- **What you will do**:
The lines below from the one with "No ato da declaração, você" up to and including the one with "Ni ser vilka" are what you should set down, exactly and without pictures.

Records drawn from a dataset
■ ■ ■ ■

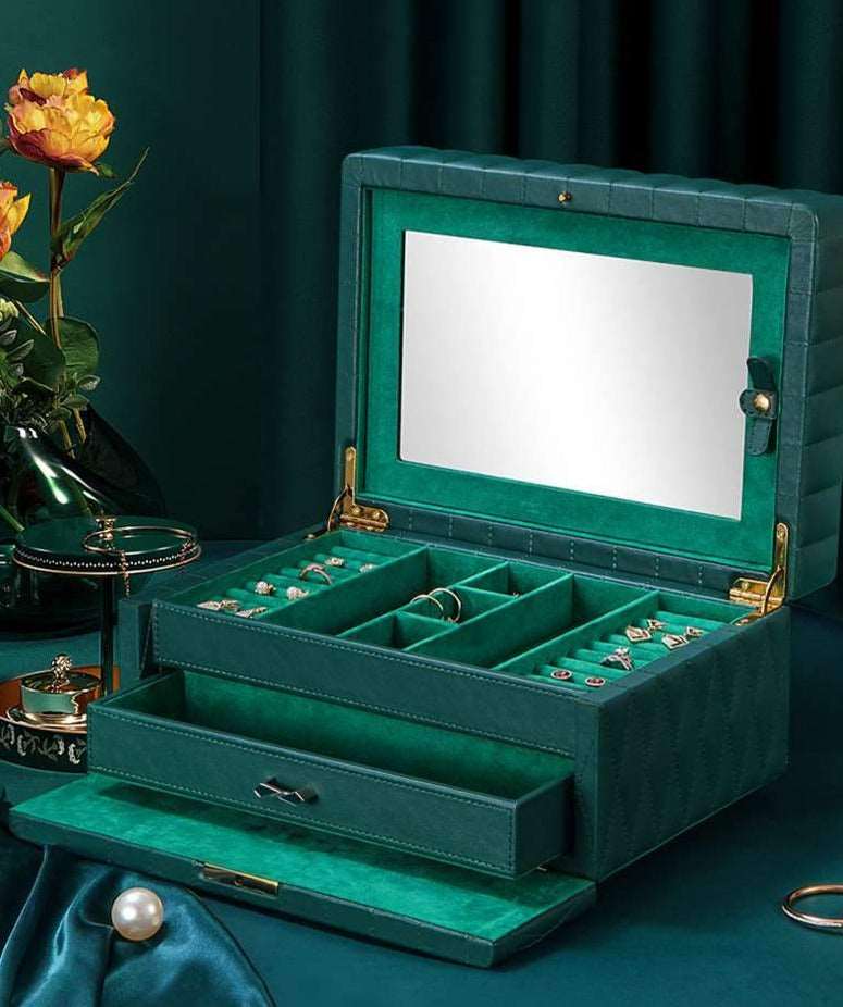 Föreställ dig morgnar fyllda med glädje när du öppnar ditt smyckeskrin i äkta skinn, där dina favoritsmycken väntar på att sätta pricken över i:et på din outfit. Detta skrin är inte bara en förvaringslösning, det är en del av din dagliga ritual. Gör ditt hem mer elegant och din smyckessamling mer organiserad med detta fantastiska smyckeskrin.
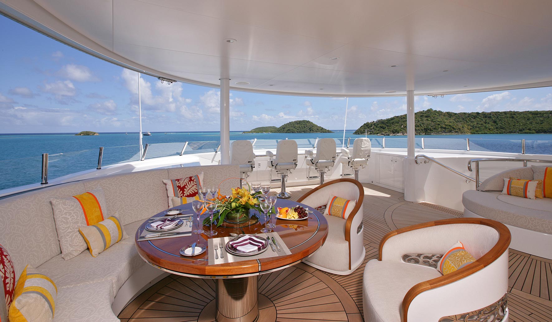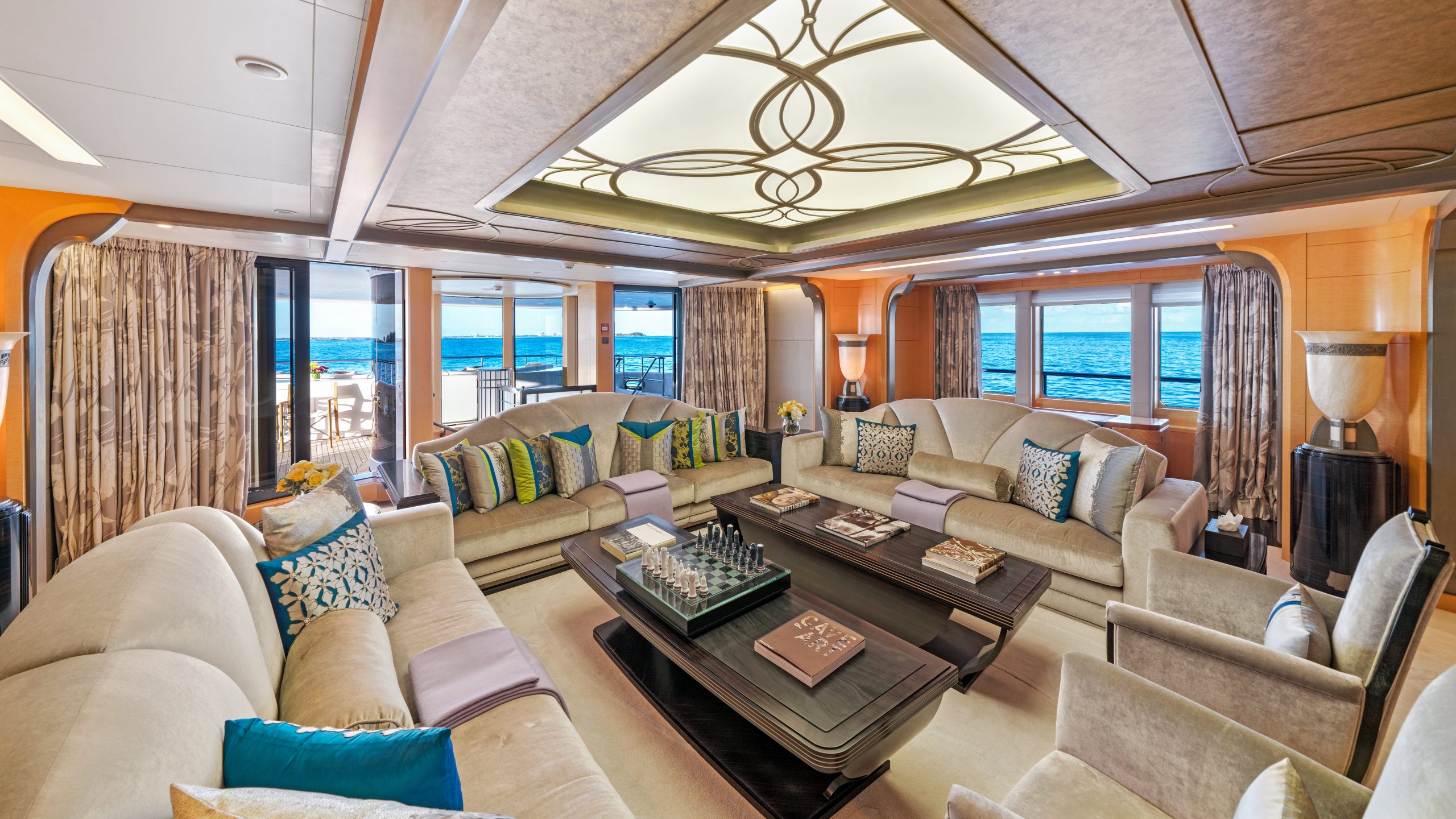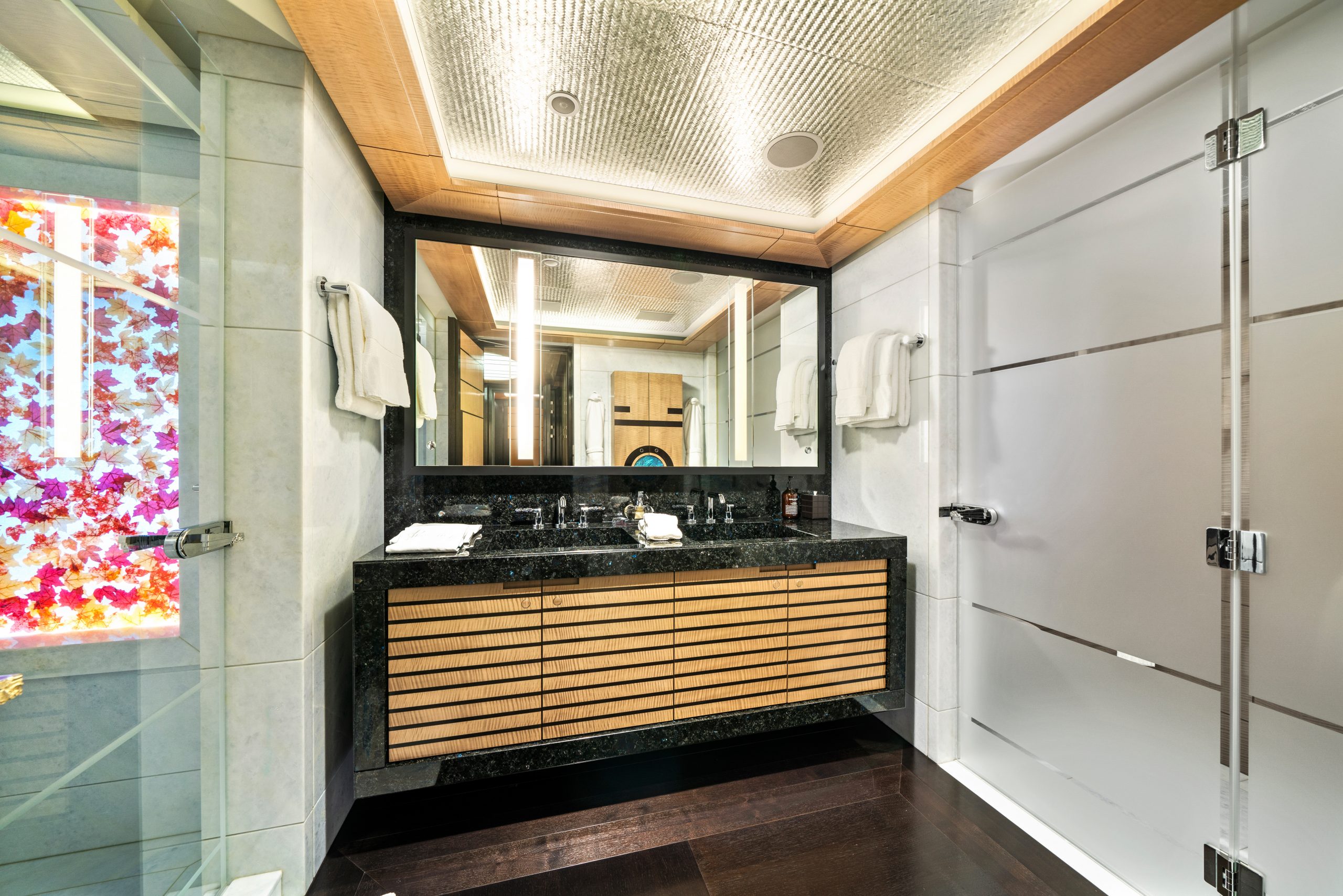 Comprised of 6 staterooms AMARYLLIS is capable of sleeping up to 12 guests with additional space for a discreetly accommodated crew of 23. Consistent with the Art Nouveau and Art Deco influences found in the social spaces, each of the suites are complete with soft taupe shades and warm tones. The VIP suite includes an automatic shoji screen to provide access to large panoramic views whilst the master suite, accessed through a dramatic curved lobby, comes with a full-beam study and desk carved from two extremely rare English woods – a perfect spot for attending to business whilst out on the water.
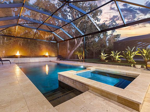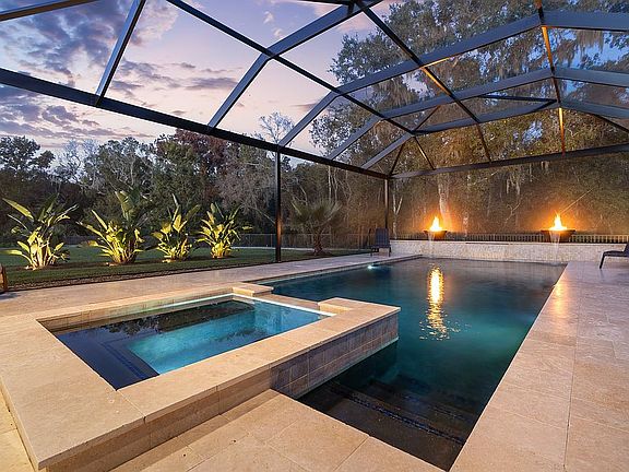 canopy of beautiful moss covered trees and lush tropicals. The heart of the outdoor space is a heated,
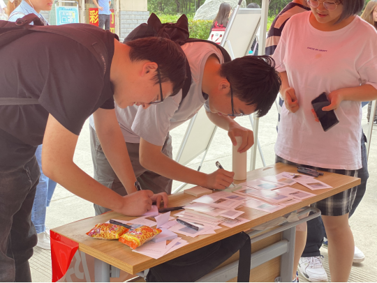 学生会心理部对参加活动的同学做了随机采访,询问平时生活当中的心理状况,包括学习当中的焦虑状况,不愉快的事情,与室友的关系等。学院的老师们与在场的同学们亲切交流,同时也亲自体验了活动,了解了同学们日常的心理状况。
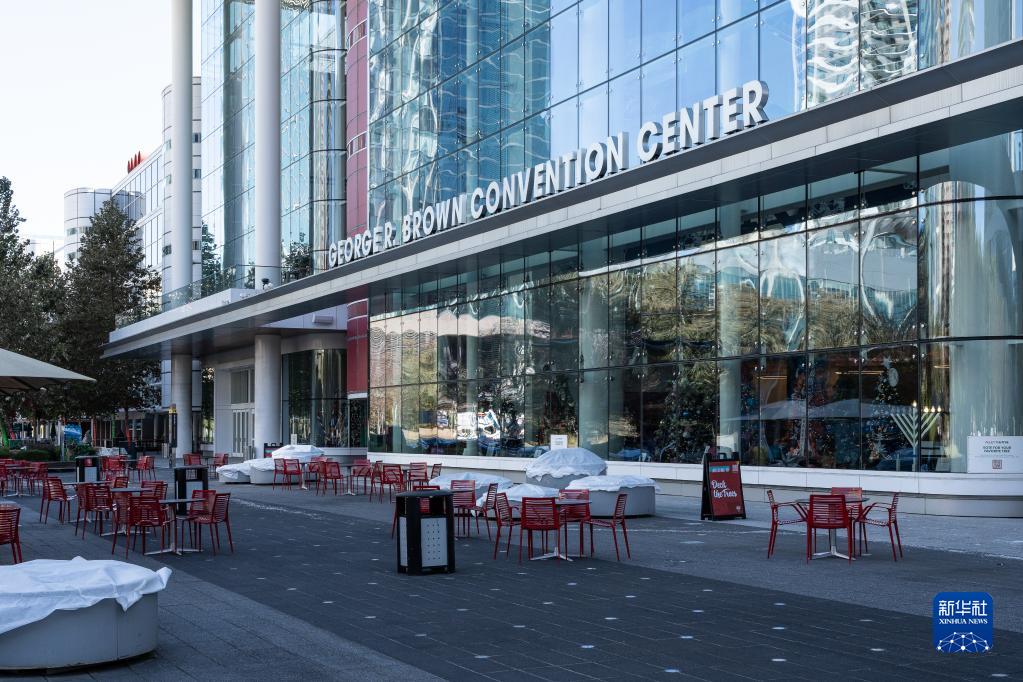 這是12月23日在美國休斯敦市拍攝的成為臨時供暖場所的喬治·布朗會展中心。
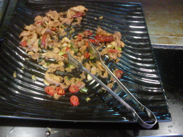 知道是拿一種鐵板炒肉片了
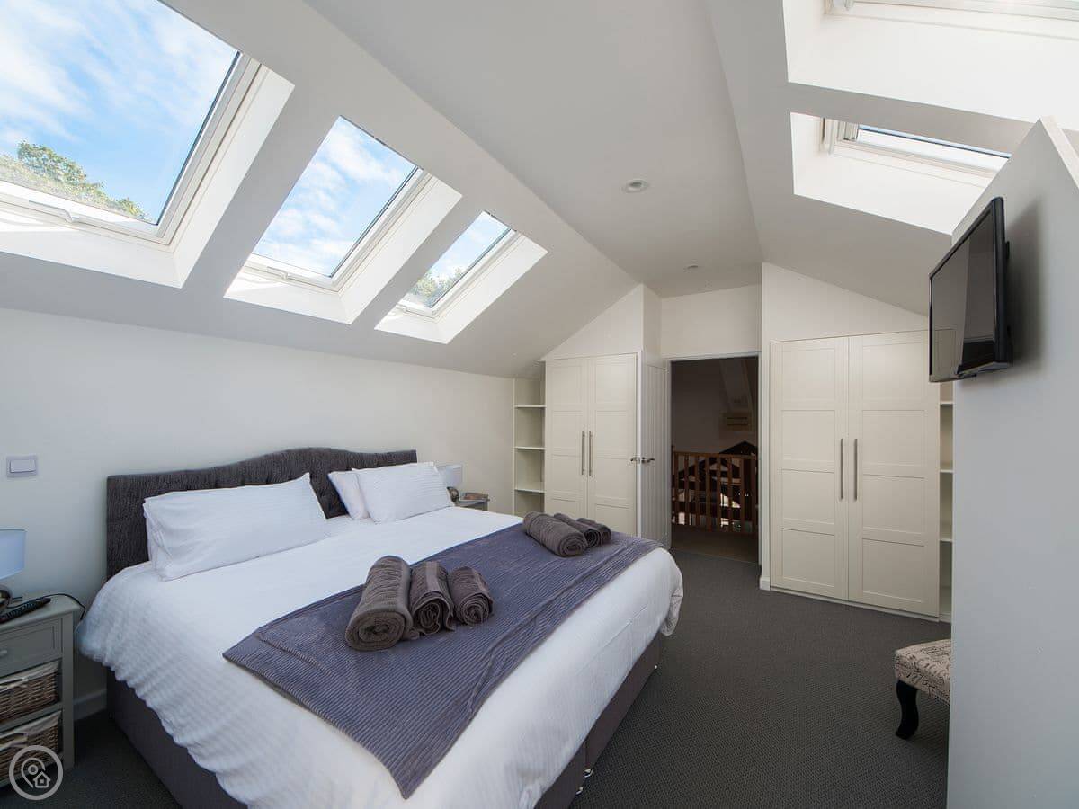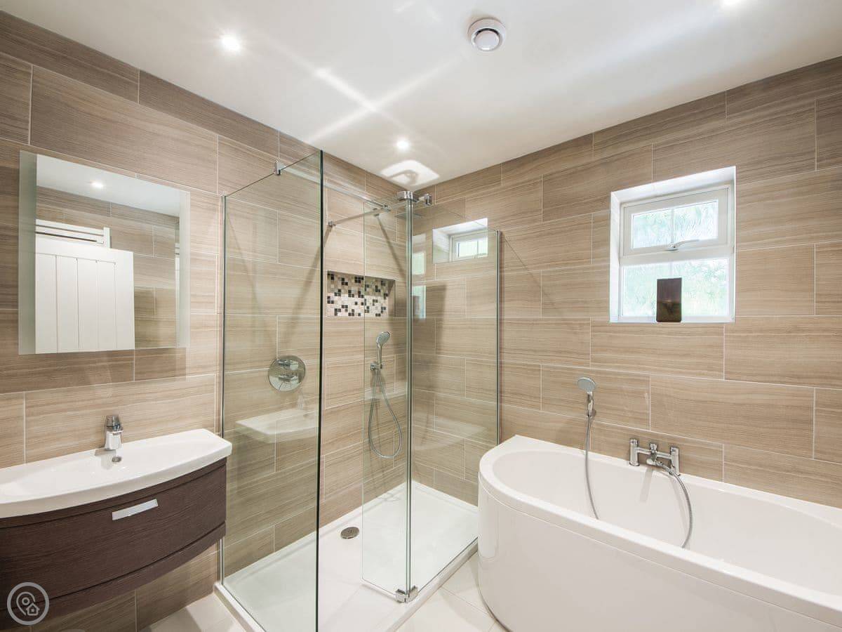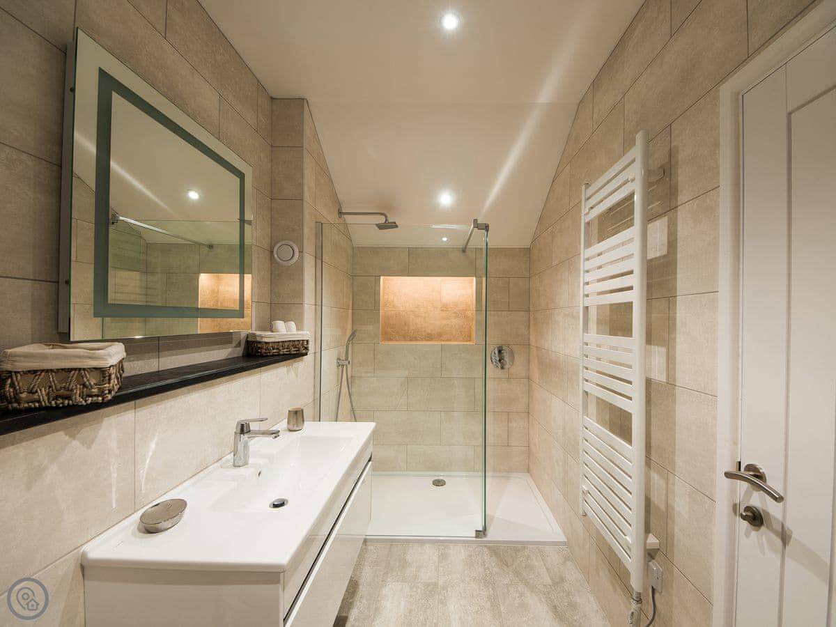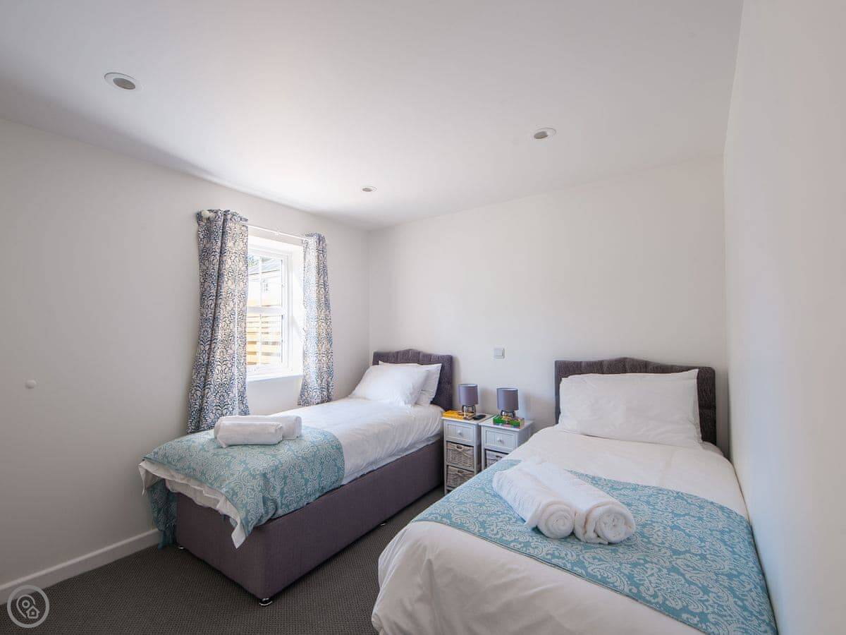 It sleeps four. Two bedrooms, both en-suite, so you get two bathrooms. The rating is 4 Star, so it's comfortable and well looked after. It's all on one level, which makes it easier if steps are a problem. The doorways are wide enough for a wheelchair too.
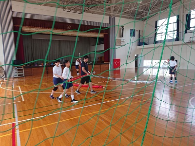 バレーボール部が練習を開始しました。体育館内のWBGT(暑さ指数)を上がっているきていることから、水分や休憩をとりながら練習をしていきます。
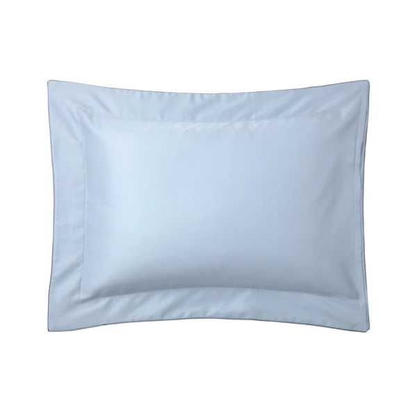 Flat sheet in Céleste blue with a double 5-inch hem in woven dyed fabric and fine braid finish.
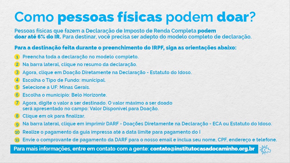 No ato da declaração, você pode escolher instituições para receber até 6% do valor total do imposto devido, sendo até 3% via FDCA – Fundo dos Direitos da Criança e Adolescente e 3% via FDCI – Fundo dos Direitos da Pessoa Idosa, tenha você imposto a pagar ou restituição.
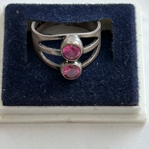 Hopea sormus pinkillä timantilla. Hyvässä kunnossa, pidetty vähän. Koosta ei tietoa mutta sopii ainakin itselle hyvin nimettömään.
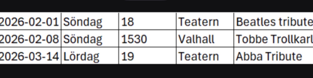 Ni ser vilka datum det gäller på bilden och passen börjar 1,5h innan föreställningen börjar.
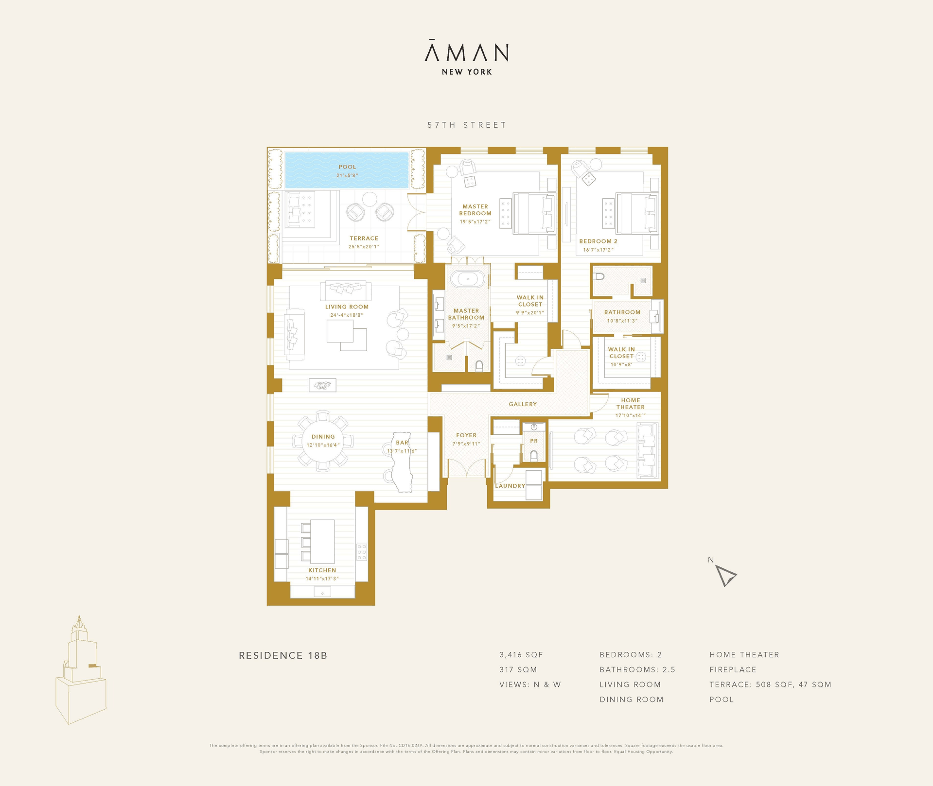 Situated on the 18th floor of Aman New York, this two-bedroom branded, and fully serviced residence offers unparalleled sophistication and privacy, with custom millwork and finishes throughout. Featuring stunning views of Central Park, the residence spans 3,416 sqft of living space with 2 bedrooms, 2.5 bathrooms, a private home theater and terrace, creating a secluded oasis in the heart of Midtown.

■ ■ ■ ■

- **Response to the task**:
 No ato da declaração, você pode escolher instituições para receber até 6% do valor total do imposto devido, sendo até 3% via FDCA – Fundo dos Direitos da Criança e Adolescente e 3% via FDCI – Fundo dos Direitos da Pessoa Idosa, tenha você imposto a pagar ou restituição.
 Hopea sormus pinkillä timantilla. Hyvässä kunnossa, pidetty vähän. Koosta ei tietoa mutta sopii ainakin itselle hyvin nimettömään.
 Ni ser vilka datum det gäller på bilden och passen börjar 1,5h innan föreställningen börjar.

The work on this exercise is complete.